11. The method of claim 9, wherein the astrocytoma comprises a grade I astrocytoma, a grade II astrocytoma, a grade III astrocytoma, or a grade IV astrocytoma.

12. The method of claim 11, wherein the astrocytoma is a grade IV astrocytoma.

13. The method of claim 12, wherein the grade IV astrocytoma does not comprise an isocitrate dehydrogenase 1 (IDH1) mutation.

14. The method of claim 12, wherein the grade IV astrocytoma comprises an isocitrate dehydrogenase 1 (IDH1) mutation.

15. The method of claim 1, wherein the brain cancer is an oligodendroglioma, an ependymoma, a medulloblastoma, a choroid plexus carcinoma, a pineoblastoma, a meningioma, an acoustic neuroma, or a craniopharyngioma.

16. The method of claim 1, wherein the biomass composition is lyophilized.

17. The method of claim 1, wherein the biomass composition is a powder.

18. The method of claim 1, wherein the biomass composition is administered orally.

19. The method of claim 1, wherein the administering is daily or twice daily.

20. The method of claim 1, further comprising administering to the subject an additional cancer therapy.

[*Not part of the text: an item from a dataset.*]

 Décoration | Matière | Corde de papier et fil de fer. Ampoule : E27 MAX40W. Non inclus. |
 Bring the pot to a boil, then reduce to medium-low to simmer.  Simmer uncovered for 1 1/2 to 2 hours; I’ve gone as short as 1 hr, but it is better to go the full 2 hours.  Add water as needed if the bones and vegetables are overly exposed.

21. The method of claim 20, wherein the additional cancer therapy is administered prior to, simultaneously with, or after the administering of the biomass composition.

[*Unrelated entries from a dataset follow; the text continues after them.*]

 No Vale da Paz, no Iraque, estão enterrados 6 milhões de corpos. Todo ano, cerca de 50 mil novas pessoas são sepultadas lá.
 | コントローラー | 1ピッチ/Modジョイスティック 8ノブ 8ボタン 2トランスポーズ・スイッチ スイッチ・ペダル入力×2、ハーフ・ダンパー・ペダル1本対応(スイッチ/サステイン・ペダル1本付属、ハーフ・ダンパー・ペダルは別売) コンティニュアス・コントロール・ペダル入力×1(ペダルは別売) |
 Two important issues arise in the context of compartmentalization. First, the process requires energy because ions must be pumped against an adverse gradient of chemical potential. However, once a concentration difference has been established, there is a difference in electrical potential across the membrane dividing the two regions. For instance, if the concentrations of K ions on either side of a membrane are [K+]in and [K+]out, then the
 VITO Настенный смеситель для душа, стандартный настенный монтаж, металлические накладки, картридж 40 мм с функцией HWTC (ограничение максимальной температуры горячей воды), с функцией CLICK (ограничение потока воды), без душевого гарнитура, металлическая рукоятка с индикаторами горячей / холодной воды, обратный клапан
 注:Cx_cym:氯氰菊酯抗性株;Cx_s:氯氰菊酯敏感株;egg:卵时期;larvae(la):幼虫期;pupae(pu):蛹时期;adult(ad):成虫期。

22. The method of claim 21, wherein the additional cancer therapy comprises a chemotherapy or a radiation therapy.

23. The method of claim 22, wherein the additional cancer therapy comprises a chemotherapy and a radiation therapy.

24. The method of claim 22, wherein the chemotherapy comprises temozolomide, carmustine, bevacizumab, or lomustine.

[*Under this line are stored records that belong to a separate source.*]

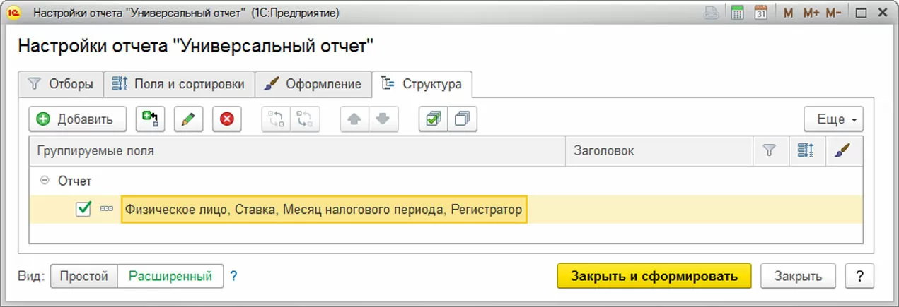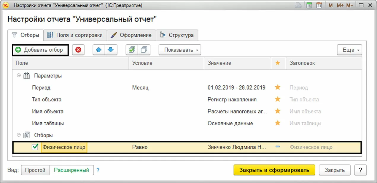Например, на закладке «Отбор» мы можем установить отбор по любому доступному элементу, например «Физическое лицо» - кнопка «Добавить отбор».
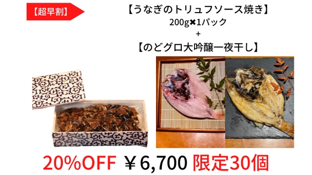 【超早割】限定30個 20%OFF うなぎのトリュフソース焼き(200g)+のどグロ大吟醸一夜干し(380g〜420g)
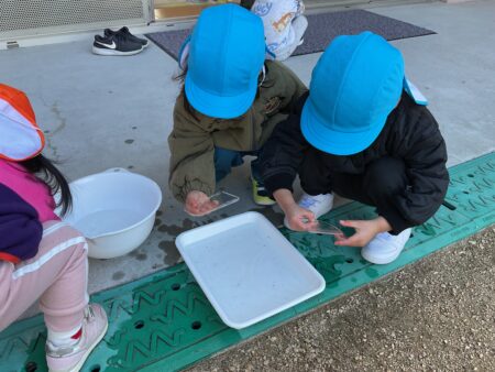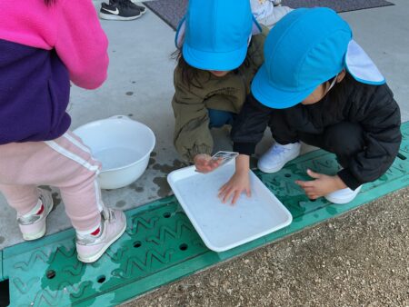 絵本の中で氷ができている様子を「ぼくたち(わたし)もこれであそびたい」という声から、水を入れた容器を園庭に置いてみました。

25. The method of claim 22, wherein the radiation therapy comprises tumor treating fields (TTF), Intensity-modulated radiation therapy (IMRT), or Image-guided radiation therapy (IGRT).

26. The method of claim 1, wherein:the at least two species of sea cucumber comprise Holothuria scabra and Holothuria nobilis, wherein from about 20% w / w to about 40% w / w of the biomass material comprises extract derived from the Holothuria scabra, wherein from about 25% w / w to about 50% w / w of the biomass material comprises extract derived from the Holothuria nobilis;the species of seagrass comprises Sargassum pallidum, wherein from about 1% w / w to about 10% w / w of the biomass material comprises extract derived from the Sargassum pallidum; the species of sea squirt comprises Styela clava, wherein from about 1% w / w to about 10% w / w of the biomass material comprises extract derived from the Styela clava; andthe species of sea urchin comprises Heliocidaris erythrogramma, wherein from about 1% w / w to about 10% w / w of the biomass material comprises extract derived from the Heliocidaris erythrogramma.

27. The method of claim 26, wherein:40% w / w of the biomass material comprises extract derived from the Holothuria scabra, 45% w / w of the biomass material comprises extract derived from the Holothuria nobilis;5% w / w of the biomass material comprises extract derived from the Sargassum pallidum; 5% w / w of the biomass material comprises extract derived from the Styela clava; and5% w / w of the biomass material comprises extract derived from the Heliocidaris erythrogramma.

28. The method of claim 1, wherein the extract derived from the at least two species of sea cucumber, the species of seagrass, the species of sea squirt, and the species of sea urchin comprises a whole-body extract.

29. The method of claim 1, wherein the biomass composition further comprises a solubilizing agent.

30. The method of claim 29, wherein the solubilizing agent is dimethyl sulfoxide (DMSO).